The data center energy metrics you might be missing
Feb 27, 2014

When discussing green data center energy metrics, the acronym you’ll hear thrown around most often is PUE, or power usage effectiveness. PUE takes into account how much energy the servers (and their associate devices, like lights, coolers and work stations) consume.

data-center-energy-metricsA feasible goal for PUE is around 1.75, meaning for every watt of energy used by the servers, .75 watts are used for the peripheral support of the data center. In a perfectly efficient data center (of which there are none yet), the PUE would be 1.0.

Though vitally important, PUE only takes a glimpse at one little part of what’s actually going on in the data center, and sometimes doesn’t even do all that great of a job.
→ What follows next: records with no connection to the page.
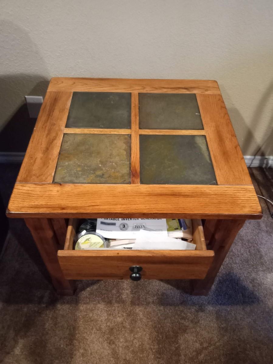 LOT 255  TRAVERTINE TOP END TABLE WITH 1 DRAWER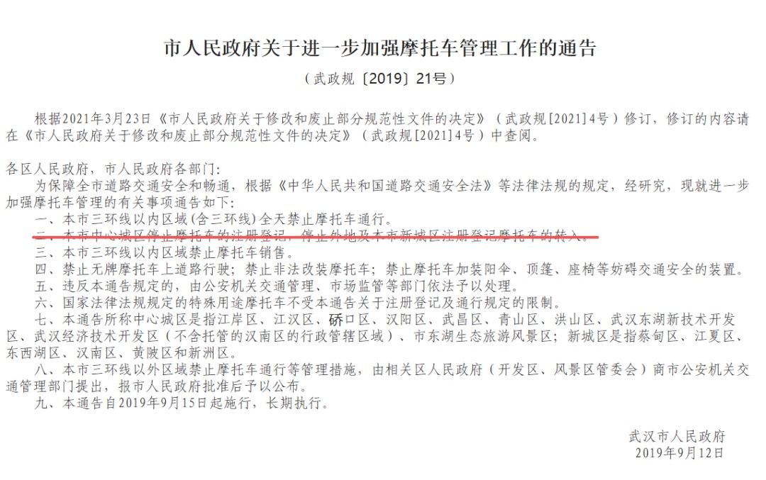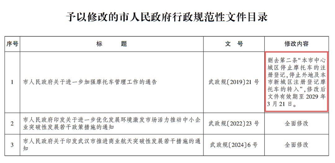 根据武汉市人民政府关于行政规范性文件清理结果的决定,对于2019年开始执行的《市人民政府关于进一步加强摩托车管理工作的通告》(武政规〔2019〕21号)进行了修改。删除了《市人民政府关于进一步加强摩托车管理工作的通告》中“本市中心城区停止摩托车的注册登记,停止外地及本市新城区注册登记摩托车的转入。”的条款,修改后文件有效期延长至2029年3月21日。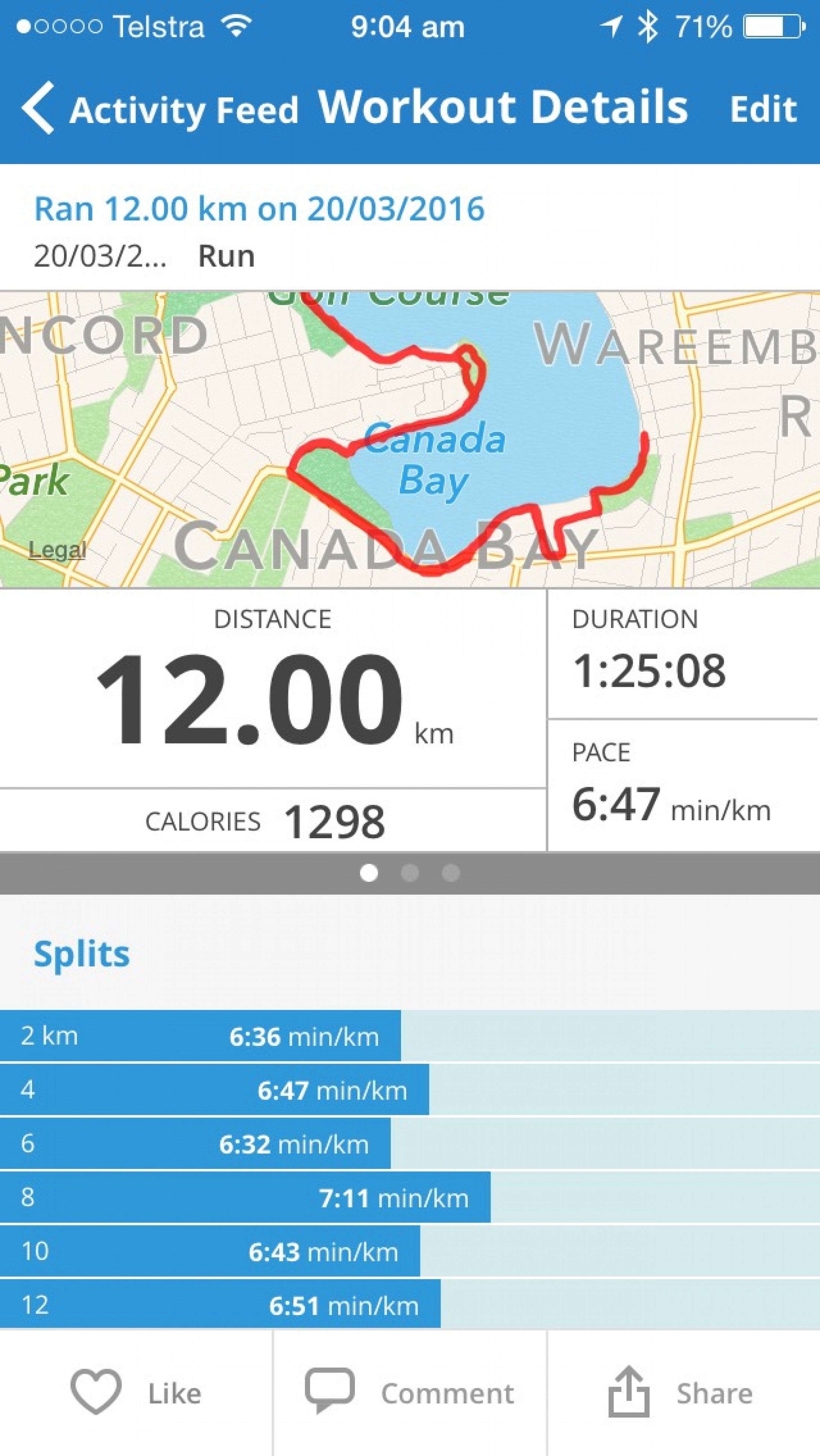 With no official coached session on the easter weekend, some of the ladies from my pod decided we would get together and do the Coogee to Bondi run and back on good Friday. It was a tough 12km with LOTS of stairs so really hard to get a good rhythm going. As a result my splits were not so perfect as Wednesday's Benchmark and overall pace was a lot slower than I would have liked but I completed the run and didn't feel too bad afterwards.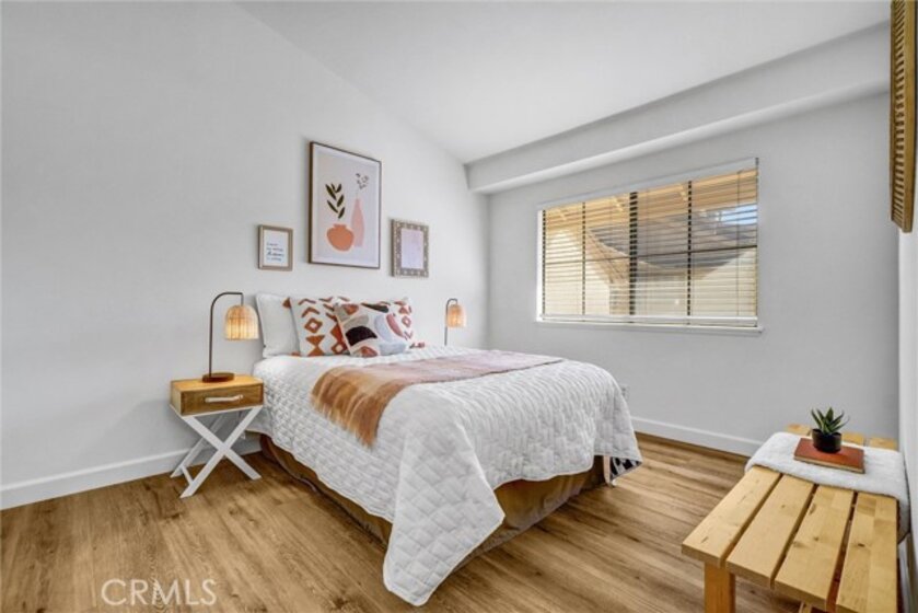 THE PERFECT OPPORTUNITY FOR A FIRST-TIME BUYER OR INVESTMENT PROPERTY IN NORTHWEST FULLERTON! Nestled in the hills of Fullerton’s popular Westside complex—one of the area’s most desirable neighborhoods—this charming home sits across from the beautiful 105-acre Ralph Clark Regional Park, surrounded by lush, mature trees and a peaceful atmosphere. This quiet and well-maintained community offers a relaxing ambiance with beautifully kept grounds cared for by the Association. This desirable end-unit features a comfortable two-story layout with no one above or below. The home offers two generous primary bedrooms, each with its own bathroom. The interior is enhanced by beautiful brand-new vinyl flooring throughout. The stunning remodeled kitchen features black granite countertops, upgraded white shaker cabinets, tray ceiling, and brand-new stainless steel/black appliances, including a 5-burner gas range and dishwasher. A convenient casual dining area, a cozy living room, a downstairs half-bathroom, and handy inside laundry with brand-new washer and dryer (included in the sale) add to the home’s appeal. One of the primary bedrooms offers a vaulted ceiling and mirrored closet doors. One of the bathrooms upstairs has been completely remodeled with a modern walk-in shower. Additional upgrades include fresh interior paint, recessed lighting, ceiling fans, blinds, and crown molding. Numerous windows fill the home with natural light, creating a bright and airy atmosphere. Central air conditioning and heating ensure year-round comfort. Just steps away are two detached carports plus plenty of guest parking. A large sliding door leads to an extra-large, fully fenced front patio—perfect for pets, gardening, barbecues, or enjoying your morning coffee. Enjoy the community amenities, including a pool, spa, and playgrounds. Association dues ($365/month) cover water, trash, fire insurance, pool, spa, playgrounds, and all exterior maintenance. Conveniently located near shopping, restaurants, grocery markets, parks, and golf courses. A 10+ property!
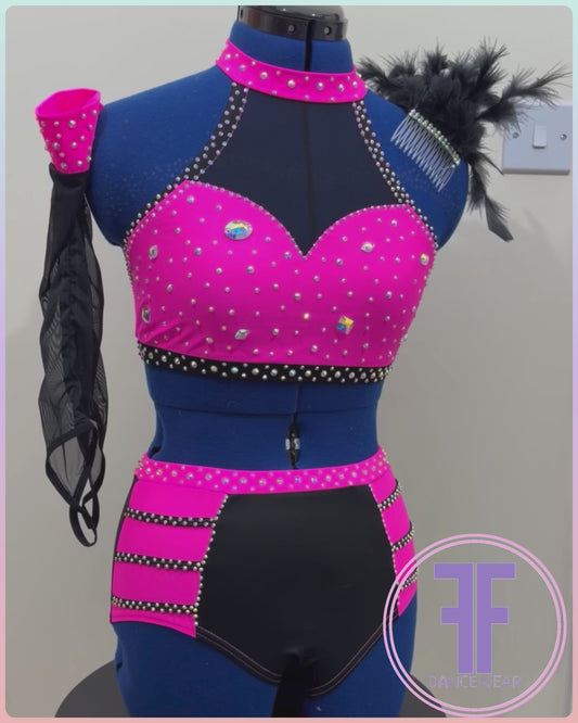 BESPOKE Neon Pink & Black Stoned Modern / Tap / Acro Dance Costume (AS)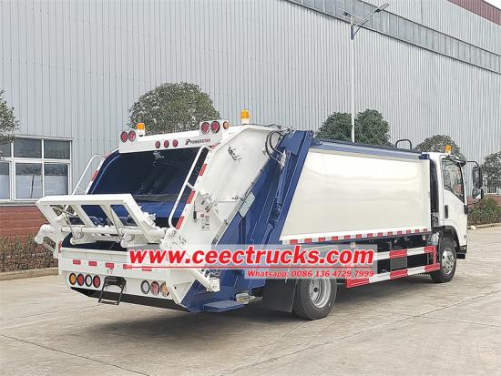 Truk sampah pemuat belakang Isuzu NPR <3CEEC adalah kendaraan kota yang digunakan untuk pengumpulan sampah, yang dimodifikasi pada sasis Isuzu 700P, dengan jarak sumbu roda 4175mm, mesin diesel bertenaga Isuzu 4HK1-TCG61 190HP, Isuzu MLD 6 shift gearbox, dengan A/C,USB, bantuan arah, kendaraan memiliki 10cbm kapasitas sampah yang besar untuk pengumpulan sampah.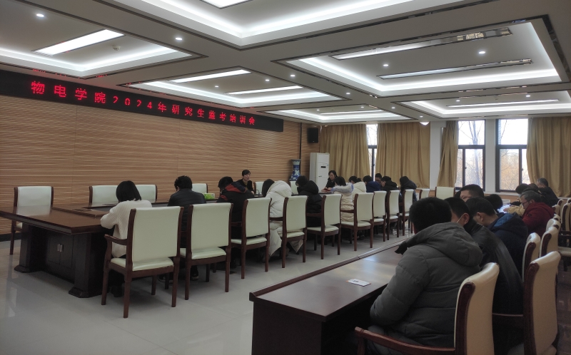 为加强考务管理,严肃考试纪律,确保2024年研究生监考工作安全平稳进行,物电学院于2023年12月21日上午10:00在综合实验楼235会议室召开了研究生监考培训会,学院领导及全体监考老师参加了此次会议。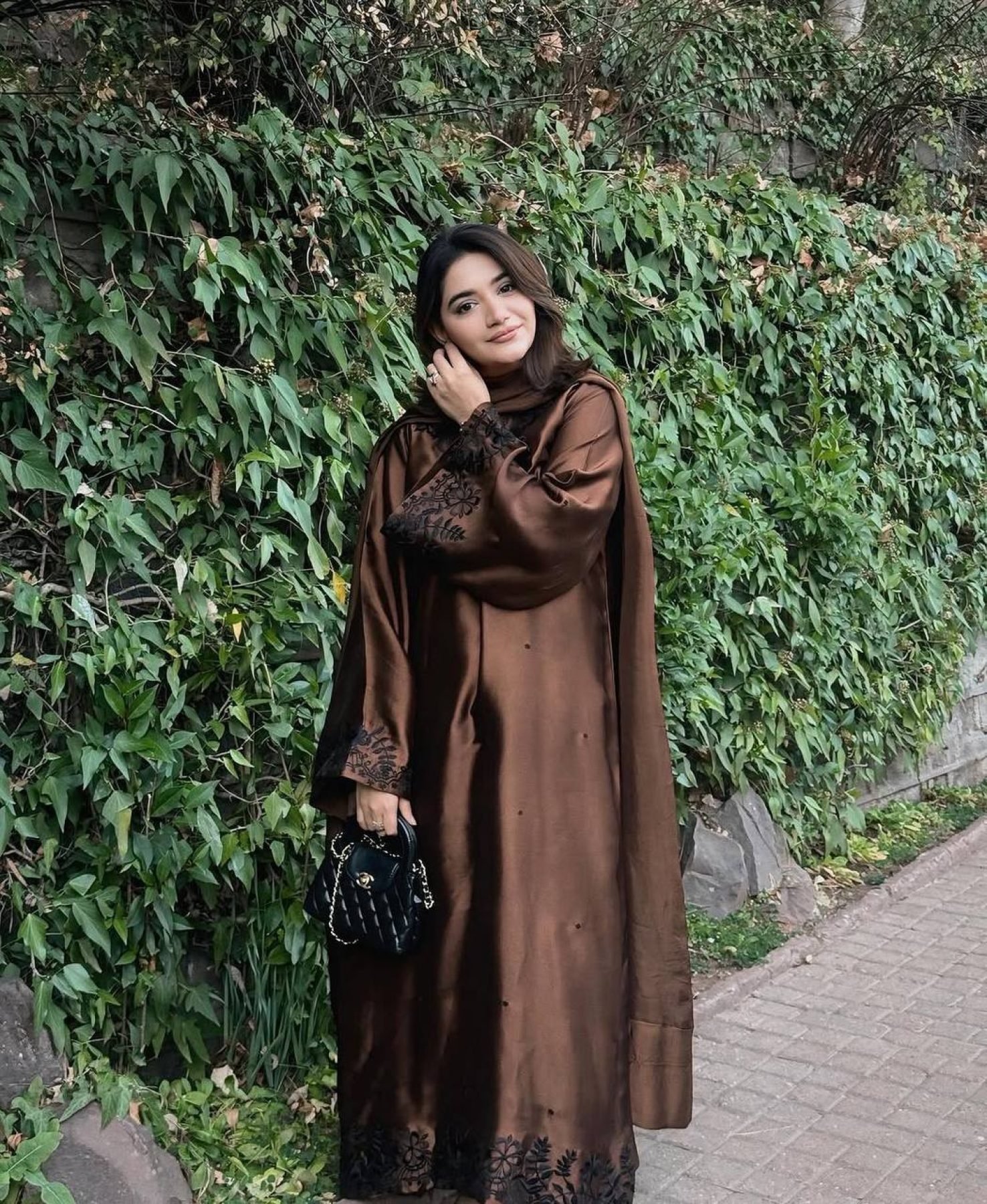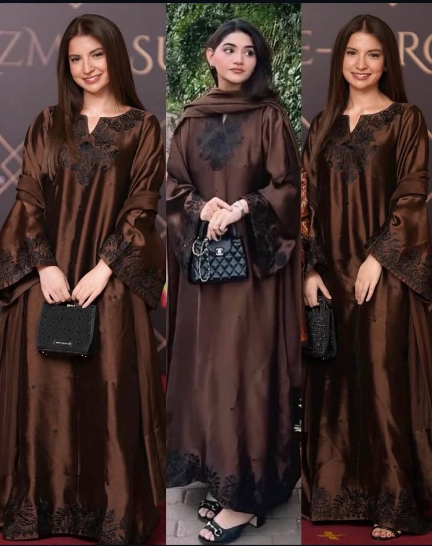 Alluring Brown Satin Mul Chanderi Kaftan Set with Plazzo and Dupatta for Women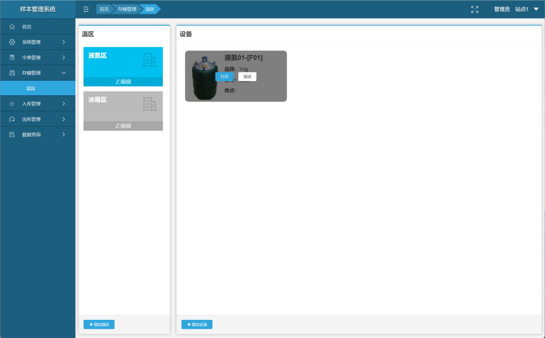 系统支持温区管理,可以将冰箱、液氮罐等存储设备进行分区管理,支持以冻存盒伟单位进行空间划分,支持存储设备和冻存盒空间的自定义编辑。

For example, one could manufacture an inaccurately low PUE by having a host of old servers plugged in but not being actively used. Undoubtedly, it would be uneconomical in terms of energy expenditure, but in terms of PUE, those servers would only be using a small percentage of their full energy consumption thanks to being set to standby. This lowers PUE artificially.

To avoid such pitfalls, diversify the way you take measurements of your system with these other types of measurements, helping you create a happy, efficient data center:

Carbon usage effectiveness (CUE)

CUE measures the emissions associated with your data center. Many data specialists are predicting CUE to take PUE’s spot as the premier metric in years to come. CUE doesn’t just track the amount of energy consumed, it also examines the type and source of it. For example, data centers that draw energy from renewable sources are infinitely more efficient and sustainable than those that source from say, a coal plant. CUE can help organizations determine exactly how many carbon offsets they should be utilizing to sustain veritably “green” operations.

Water usage effectiveness (WUE)

Water has been humanity’s most precious resource since the founding of civilization – tracking its competent use alongside electricity should seem natural. WUE can be calculated through evaporative cooling measures. Mathematically, divide the annual water usage for a data center by overall IT equipment energy consumption to derive a WUE value. A word of caution: WUE is sometimes confounded by competing, adjacent HVAC systems that are constantly humidifying and dehumidifying the same air.

Of course, CUE and WUE are just the tip of the iceberg. There are many more metrics that directly relate to building specs (like ASHRAE, data center productivity and Energy Star). It’s important to realize that one way of measurement shouldn’t be your singular “Holy Grail” – the key is using many metrics in tandem to triangulate in on efficiency.